We are making an effort to get someone at DHS to discuss these numbers, but that has not happened yet. I, for one, find it hard to believe that the giant Infosys secured only 69 new H-1Bs in 2018.
In the meantime, the outsourcers have filed a cluster of 40 lawsuits in federal court against the new practices of DHS in this regard, saying that the government is trying to put the outsourcers out of business.
There is a Little League quality to these lawsuits. A team, which has been winning with average scores of 19 to one (i.e., a 95 percent approval rate) after a while is winning only with scores of three to one (a 75 percent approval rate). Ignoring the number of victories and focusing only the margins of victory, the petulant Little League team goes into federal court, seeking a new set of umpires to get rid of the nasty ones who are accused of conspiring to lower their margins of victory.

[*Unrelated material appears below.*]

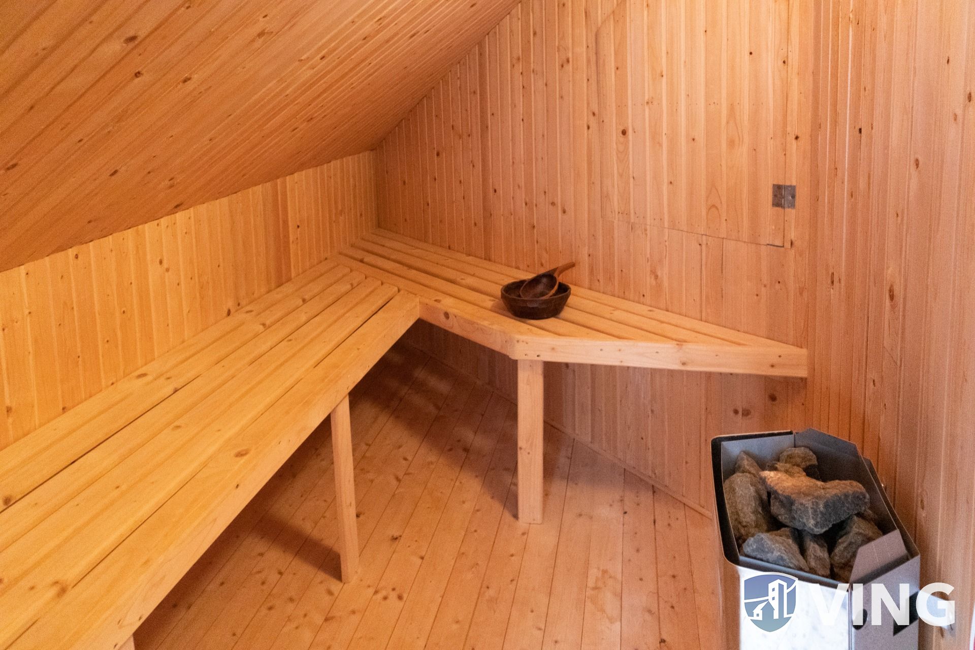 -164 m2, 1 living room + dining room, 1 kitchen, 6 rooms where 2 4-bed and 4 2-bed rooms can be constructed, 1 sauna, 2 bathrooms where one of them has a hydromassage shower cabin with a built-in radio + 2 toilets and 1 wardrobe room. In total, 16-18 people can be comfortably accommodated.
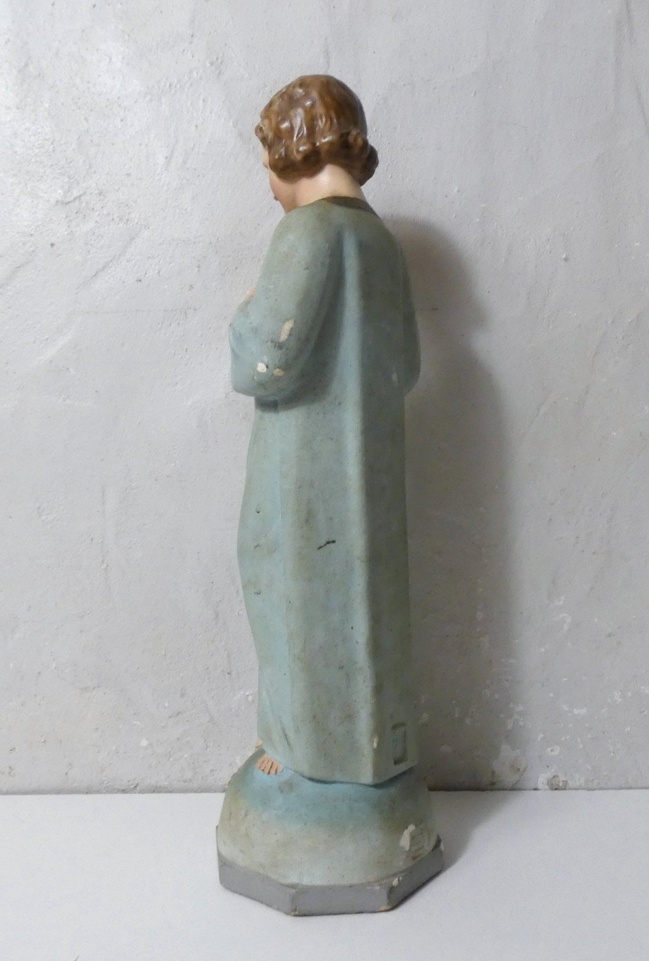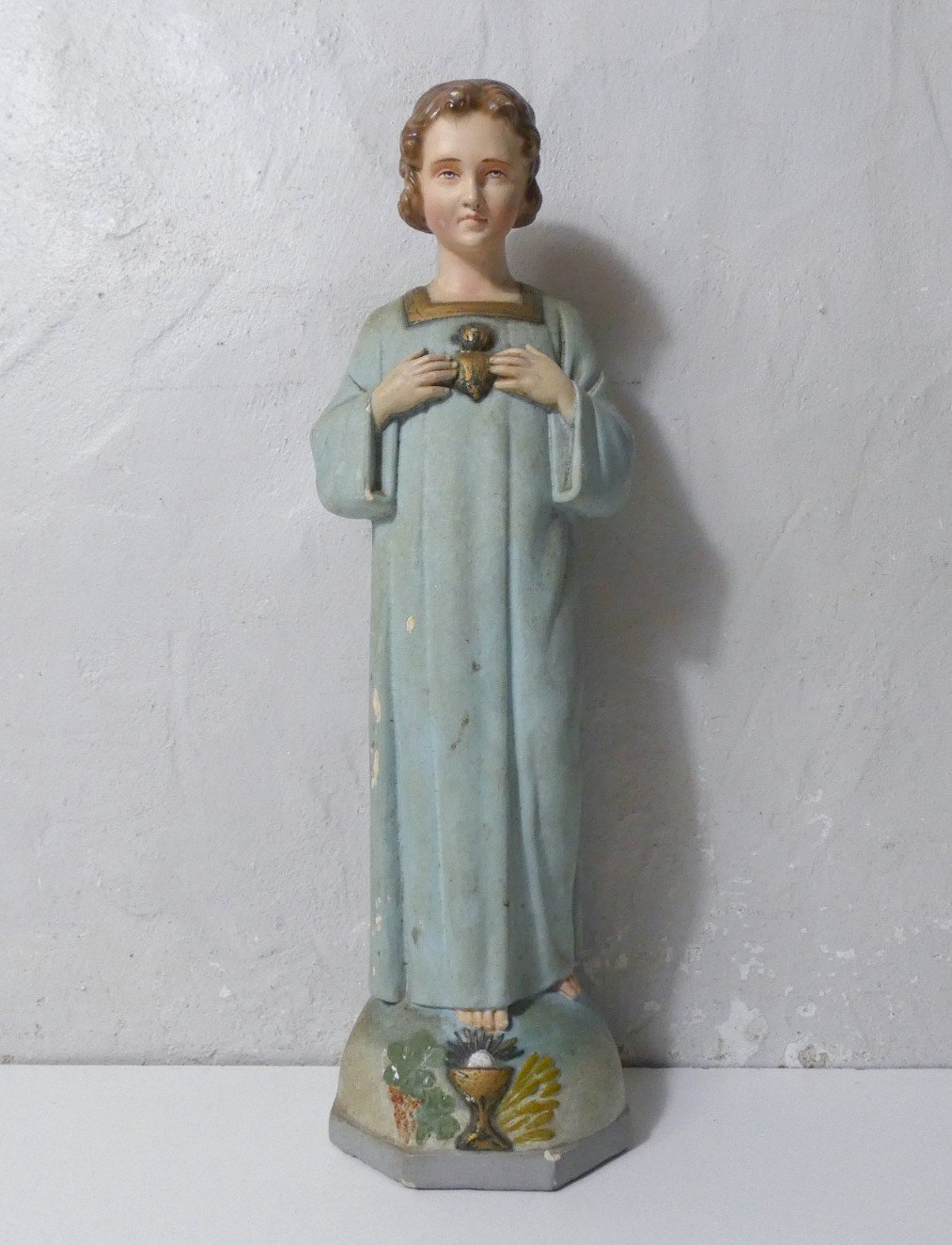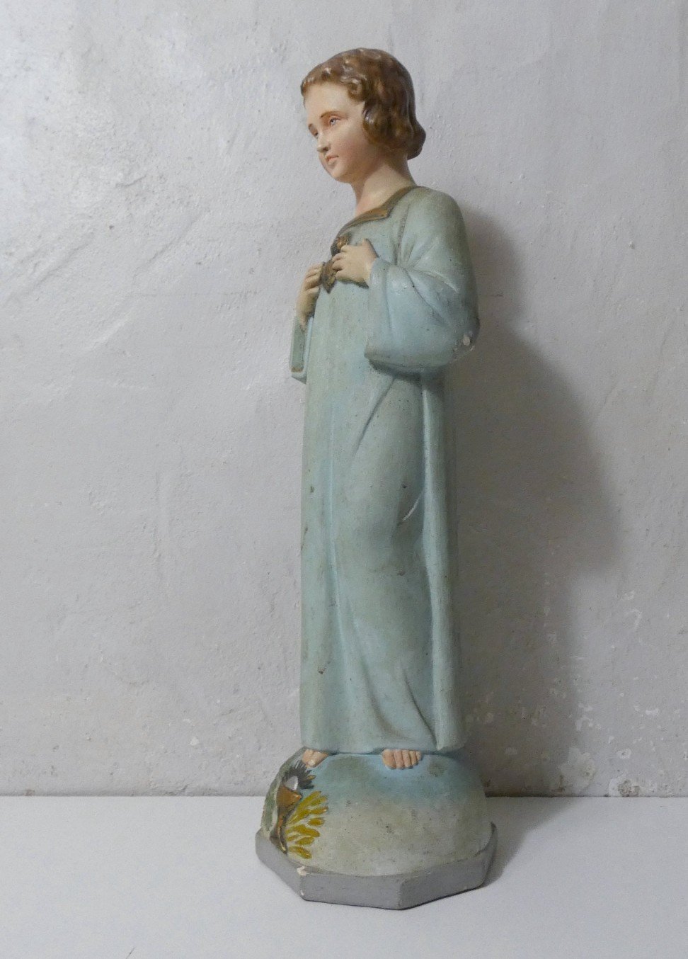 Stunning antique statue of the Sacred Heart Jesus Child. Uncommon representation of Jesus as a young boy. Height: 44 cm. Width: 12.5 cm. Depth: 11.5 cm. Very good overall condition with some glaze chips, superb patina, the colors are incredible, the blue is magnificent. The facial features are very delicate, the gaze is captivating. Signed/stamped on the back (see photo). Type: Statue, Sculpture Country of origin: France Material: Plaster Style: 1940-1960 Dimension (cm): From 31 to 50 Theme: Character

DHS has offered a list of reasons why it has raised the H-1B denial rates; the top four are:
- The petitioner did not establish that the position qualifies as a specialty occupation;
- The petitioner (i.e., the employer) did not have a valid employer-employee relationship with the worker;
- The petitioner failed to establish it has qualifying off-site work for the duration of the visa; and
- The petitioner failed to show that the worker had the needed qualifications for the job in question.
The second and third of these reasons deal with the outsourcers, while the whole set relates to all H-1B employers.
The H-1B employers have relied on the government to not to ask too many questions in prior years, and now that the DHS adjudicators are starting to do so, they are crying foul.